◆ Work instruction:
Print the data below verbatim, minus images.

╭─ Recorded information

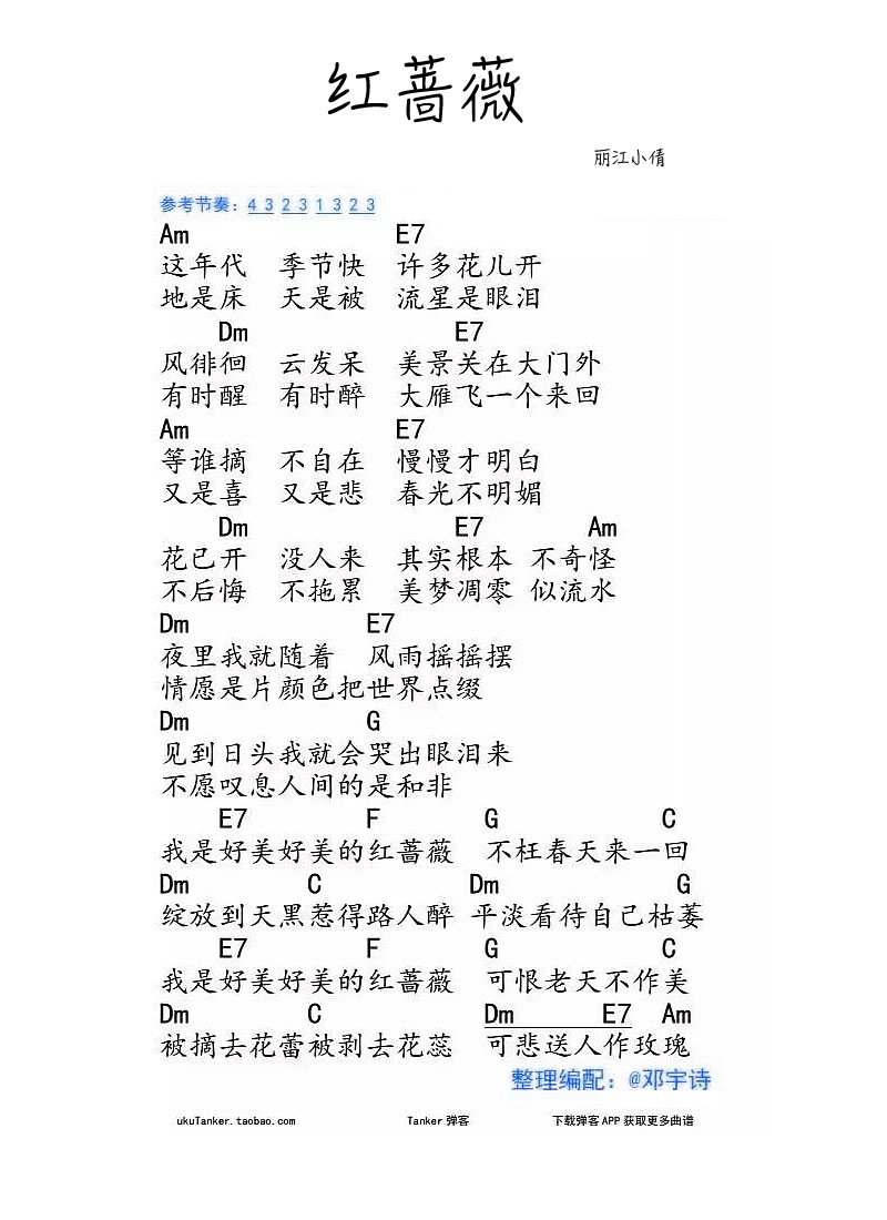 曲谱介绍: 《红蔷薇》尤克里里谱、吉他谱。丽江小倩演唱的民谣,她的每个作品都汇集了她自己的真实情感,平淡质朴的旋律和柔美的歌声,歌颂了红蔷薇那,春光、风雨的精神。丽江小倩每首歌曲的创作都有独特的创作背景,从而能让听众读懂每首歌曲的背后故事,更能引起共鸣。这首是尤克里里谱,不过相同的和弦搭配同样也适合吉他弹奏。喜欢这首歌曲的朋友记得收藏哦,100吉他编辑整理。
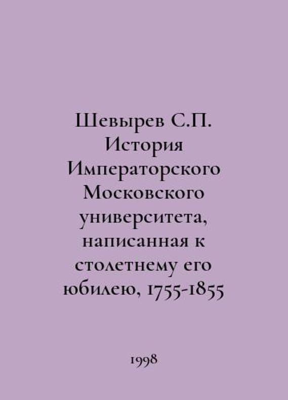 Shevyrev S. History of Imperial Moscow University, written to mark its centennial, 1755-1855 In Russian /Shevyrev S. Istoriya Imperatorskogo Moskovskogo universiteta, napisannaya k stoletnemu ego yubileyu, 1755-1855 Reprinting of the 1855 edition. Index of names to the History of Moscow State University Publishing House 1998. You are welcome to reach out to us for a detailed description of the copies currently available. Delivery of this book may take longer than usual including extended processing and pre-shipping time, no expedited shipping is available. Please advise us if you have a set date or a deadline to receive your order.SKUalbedda331b2ae6faa3
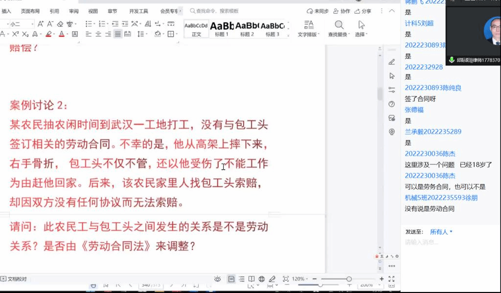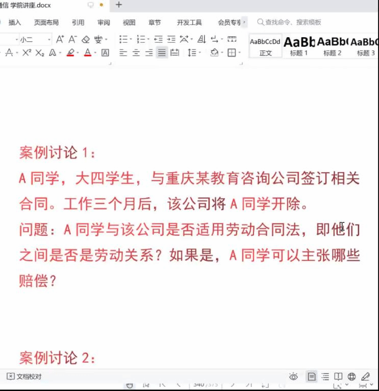 讲座伊始,邱老师通过两个案例讨论引入本次课程,分别是同学们在打暑假工时普遍会遇到的与教育机构的合同问题以及在没有签订劳务合同时的索赔问题。邱老师指出,在工作期间没有出现重大过错时,公司是不能开除员工并且按照劳动合同法不足一年按一个月的工资进行补偿。而案例二中《劳动合同法》则是对弱势群体的一种保护。

╰─

◆ Exercise output:
 曲谱介绍: 《红蔷薇》尤克里里谱、吉他谱。丽江小倩演唱的民谣,她的每个作品都汇集了她自己的真实情感,平淡质朴的旋律和柔美的歌声,歌颂了红蔷薇那,春光、风雨的精神。丽江小倩每首歌曲的创作都有独特的创作背景,从而能让听众读懂每首歌曲的背后故事,更能引起共鸣。这首是尤克里里谱,不过相同的和弦搭配同样也适合吉他弹奏。喜欢这首歌曲的朋友记得收藏哦,100吉他编辑整理。
 Shevyrev S. History of Imperial Moscow University, written to mark its centennial, 1755-1855 In Russian /Shevyrev S. Istoriya Imperatorskogo Moskovskogo universiteta, napisannaya k stoletnemu ego yubileyu, 1755-1855 Reprinting of the 1855 edition. Index of names to the History of Moscow State University Publishing House 1998. You are welcome to reach out to us for a detailed description of the copies currently available. Delivery of this book may take longer than usual including extended processing and pre-shipping time, no expedited shipping is available. Please advise us if you have a set date or a deadline to receive your order.SKUalbedda331b2ae6faa3
 讲座伊始,邱老师通过两个案例讨论引入本次课程,分别是同学们在打暑假工时普遍会遇到的与教育机构的合同问题以及在没有签订劳务合同时的索赔问题。邱老师指出,在工作期间没有出现重大过错时,公司是不能开除员工并且按照劳动合同法不足一年按一个月的工资进行补偿。而案例二中《劳动合同法》则是对弱势群体的一种保护。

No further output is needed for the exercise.